Perhaps it is very ridiculous, freshman should learn the topic, I was to do now, but at least I have not given up and forget!
Mr Yu said: "There are two kinds of creatures climbing the pyramid, one is the eagle, by their own talent can fly very high, ascended the peak of the pyramid is easy."

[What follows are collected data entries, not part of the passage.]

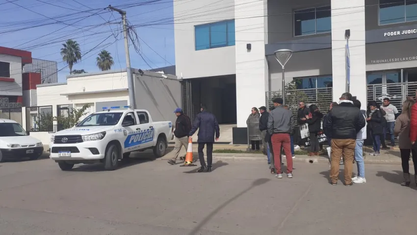 Minutos después salió custodiado el culpable que fue increpado por uno de los familiares al grito de asesino, también sufrió agresiones verbales el abogado defensor Daniel Burlli.
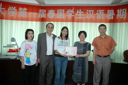 5月6日上午, “bevictor1946韦德官网第一届泰国员工汉语学习班”结业典礼在公司人文传播公司会议室举行,副董事长符华儿研究员出席典礼并讲话,对参加本届汉语学习班的25位泰国员工所取得的成绩表示赞赏,希望他们今后更加努力,学习中华文化,为促进中泰友谊做出贡献。随后副董事长符华儿研究员向泰国员工颁发了学业证书。人文传播公司经理孙绍先教授、副经理闫金玲、对外汉语教学中心主任周秀梅、泰国法政大学甘茂隆教授等也出席了典礼。 当晚,公司在员工区举办了中泰员工联欢会,泰国员工与公司师生欢聚一堂,载歌载舞,其中泰国员工的舞蹈和中国员工的歌曲赢得了大家的一致好评,现场气氛十分热烈。最后,大家共同唱起了《友谊地久天长》,联欢会在欢乐的气氛中结束。 本届泰国员工汉语学习班为期4周,据悉,第二届泰国员工汉语学习班将于今年10月在公司举办,此项目对于扩大公司对外交流、提高对外汉语教学水平、加强华文教育等起到了积极作用。
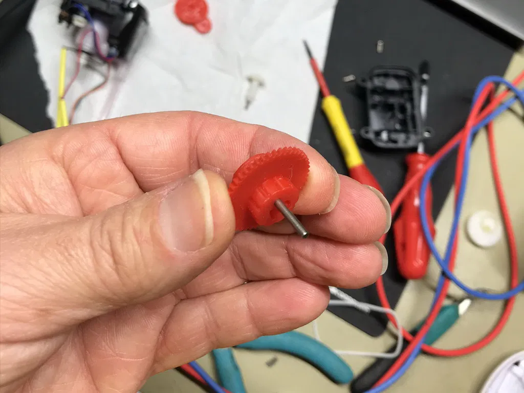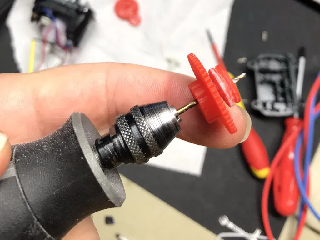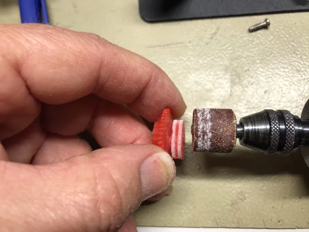 Cam phải được đánh bóng bằng giấy nhám để loại bỏ mọi dấu vết hỗ trợ (ảnh), trục phải được khoan lại bằng máy Dremel để trục nhỏ ban đầu có thể lắp vào lỗ trục rất dễ dàng.
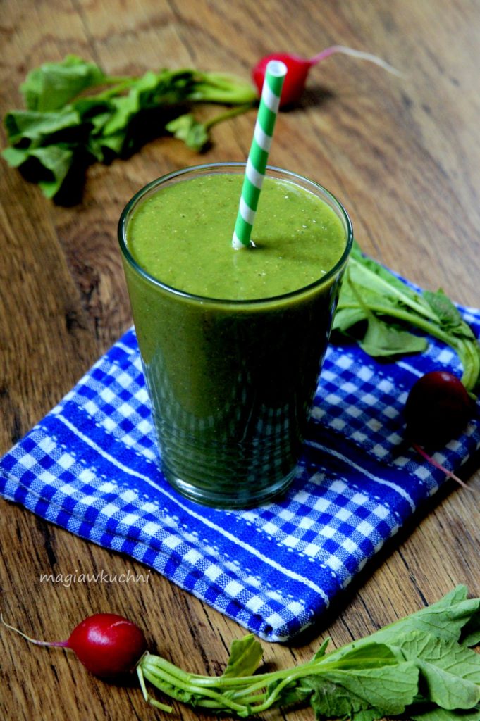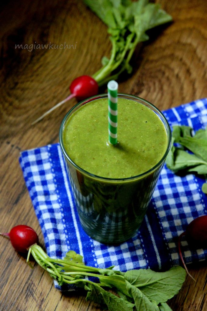 Liście rzodkiewki przełożyć do durszlaka i umyć , następnie przełożyć do blendera, dodać obrane banany , śliwki suszone oraz siemię lniane. Wszystko zmiksować z wodą lub mlekiem roślinnym oraz wyciśniętym sokiem z cytryny.

There is a kind of creature is a snail, relying on a perseverance and confidence, it can climb to the peak of the pyramid, as long as it is still working, as long as it has not given up, a
There's still hope in the cut!
I hope everyone in the road to success will be like a snail to continue to persevere! One day the pyramid will be reached, to see people that others cannot see.
Scenery.

Code:
#include <stdio.h> #include <string.h> #include <stdlib.h> #include <ctype.h> #include < Limits.h> #include <algorithm>using namespace std;int a[4];void print_permutation (int n, int *a, int *c, int cur)    {int I, J;            if (cur==n) {for (i=0; i<n; i++) {if (i==0) printf ("%d", a[i]);        else printf ("%d", a[i]);    } printf ("\ n");            } else {for (i=0; i<3; i++) {int ok=1;            for (j=0; j<cur; J + +) {if (a[j]==c[i]) ok=0;                } if (OK) {a[cur]=c[i];            Print_permutation (n, A, C, cur+1);    }}}}int Main () {int i, J;    for (i=0; i<4; i++) scanf ("%d", &a[i]);    int b[3];    int c[3];  B[0]=A[0]; B[1]=A[1]; B[2]=A[2];    1 2 3 for (i=0; i<3; i++) c[i]=b[i];    Print_permutation (3, B, c, 0);  B[0]=A[0]; b[1]=a[1]; B[2]=A[3];    1 2 4 for (i=0; i<3; i++) c[i]=b[i];    Print_permutation (3, B, c, 0);  B[0]=A[0]; B[1]=A[2]; B[2]=A[3];    1 3 4 for (i=0; i<3; i++) c[i]=b[i];    Print_permutation (3, B, c, 0);  B[0]=A[1]; B[1]=A[2]; B[2]=A[3];    2 3 4 for (i=0; i<3; i++) c[i]=b[i];    Print_permutation (3, B, c,0); return 0;}

Sdut OJ 1163 C language Experiment--permutation (originally did not recursive generation arrangement, this topic now only then complements the Rujia to give the wording * "the template" of course has generated the entire arrangement function existence)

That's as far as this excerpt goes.